Run the surface-coverage check before preflight so source/docs-declared public SDK methods cannot ship without canary rows. Then run the strict preflight; it fails without required model IDs, fixtures, expected transcripts, and idempotency opt-in while keeping values redacted. Then run the strict live canary matrix against the exact production gateway, workspace key, pipeline key, and deployed models that will serve customers. See the root LIVE-CANARIES.md for required env vars, strict TS/Python row parity, full-stream terminal-event checks, idempotency replay-evidence requirements, redacted report rules, and promotion report consistency checks.

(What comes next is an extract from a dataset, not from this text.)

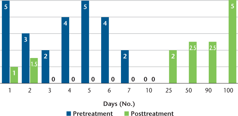 Numeric rating scale pain scores daily pretreatment and posttreatment and at indicated follow-up intervals
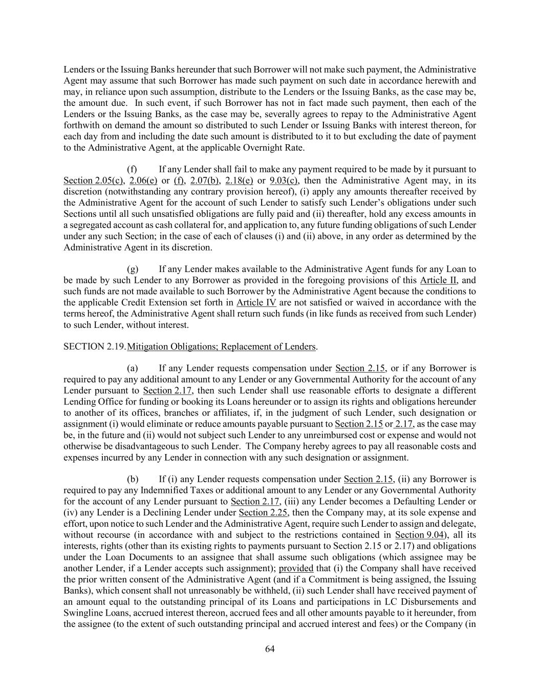 64 Lenders or the Issuing Banks hereunder that such Borrower will not make such payment, the Administrative Agent may assume that such Borrower has made such payment on such date in accordance herewith and may, in reliance upon such assumption, distribute to the Lenders or the Issuing Banks, as the case may be, the amount due. In such event, if such Borrower has not in fact made such payment, then each of the Lenders or the Issuing Banks, as the case may be, severally agrees to repay to the Administrative Agent forthwith on demand the amount so distributed to such Lender or Issuing Banks with interest thereon, for each day from and including the date such amount is distributed to it to but excluding the date of payment to the Administrative Agent, at the applicable Overnight Rate. (f) If any Lender shall fail to make any payment required to be made by it pursuant to Section 2.05(c), 2.06(e) or (f), 2.07(b), 2.18(e) or 9.03(c), then the Administrative Agent may, in its discretion (notwithstanding any contrary provision hereof), (i) apply any amounts thereafter received by the Administrative Agent for the account of such Lender to satisfy such Lender’s obligations under such Sections until all such unsatisfied obligations are fully paid and (ii) thereafter, hold any excess amounts in a segregated account as cash collateral for, and application to, any future funding obligations of such Lender under any such Section; in the case of each of clauses (i) and (ii) above, in any order as determined by the Administrative Agent in its discretion. (g) If any Lender makes available to the Administrative Agent funds for any Loan to be made by such Lender to any Borrower as provided in the foregoing provisions of this Article II, and such funds are not made available to such Borrower by the Administrative Agent because the conditions to the applicable Credit Extension set forth in Article IV are not satisfied or waived in accordance with the terms hereof, the Administrative Agent shall return such funds (in like funds as received from such Lender) to such Lender, without interest. Mitigation Obligations; Replacement of Lenders. (a) If any Lender requests compensation under Section 2.15, or if any Borrower is required to pay any additional amount to any Lender or any Governmental Authority for the account of any Lender pursuant to Section 2.17, then such Lender shall use reasonable efforts to designate a different Lending Office for funding or booking its Loans hereunder or to assign its rights and obligations hereunder to another of its offices, branches or affiliates, if, in the judgment of such Lender, such designation or assignment (i) would eliminate or reduce amounts payable pursuant to Section 2.15 or 2.17, as the case may be, in the future and (ii) would not subject such Lender to any unreimbursed cost or expense and would not otherwise be disadvantageous to such Lender. The Company hereby agrees to pay all reasonable costs and expenses incurred by any Lender in connection with any such designation or assignment. (b) If (i) any Lender requests compensation under Section 2.15, (ii) any Borrower is required to pay any Indemnified Taxes or additional amount to any Lender or any Governmental Authority for the account of any Lender pursuant to Section 2.17, (iii) any Lender becomes a Defaulting Lender or (iv) any Lender is a Declining Lender under Section 2.25, then the Company may, at its sole expense and effort, upon notice to such Lender and the Administrative Agent, require such Lender to assign and delegate, without recourse (in accordance with and subject to the restrictions contained in Section 9.04), all its interests, rights (other than its existing rights to payments pursuant to Section 2.15 or 2.17) and obligations under the Loan Documents to an assignee that shall assume such obligations (which assignee may be another Lender, if a Lender accepts such assignment); provided that (i) the Company shall have received the prior written consent of the Administrative Agent (and if a Commitment is being assigned, the Issuing Banks), which consent shall not unreasonably be withheld, (ii) such Lender shall have received payment of an amount equal to the outstanding principal of its Loans and participations in LC Disbursements and Swingline Loans, accrued interest thereon, accrued fees and all other amounts payable to it hereunder, from the assignee (to the extent of such outstanding principal and accrued interest and fees) or the Company (in

GA still requires live coverage for LLM, embeddings, image, TTS, ASR, and voice pipeline surfaces, plus explicit evidence that the smoke keys and temporary canary resources were removed.

Co-located voice pipelines are available through the native client.voice.pipeline.create() helper on pipeline-scoped keys. The helper posts binary audio to the pipeline-scoped /pipeline route and returns the JSON transcript / response envelope. Public webhook delivery create/list calls are intentionally unavailable until their gateway routes are verified, and they are not exposed on the SDK webhook namespace.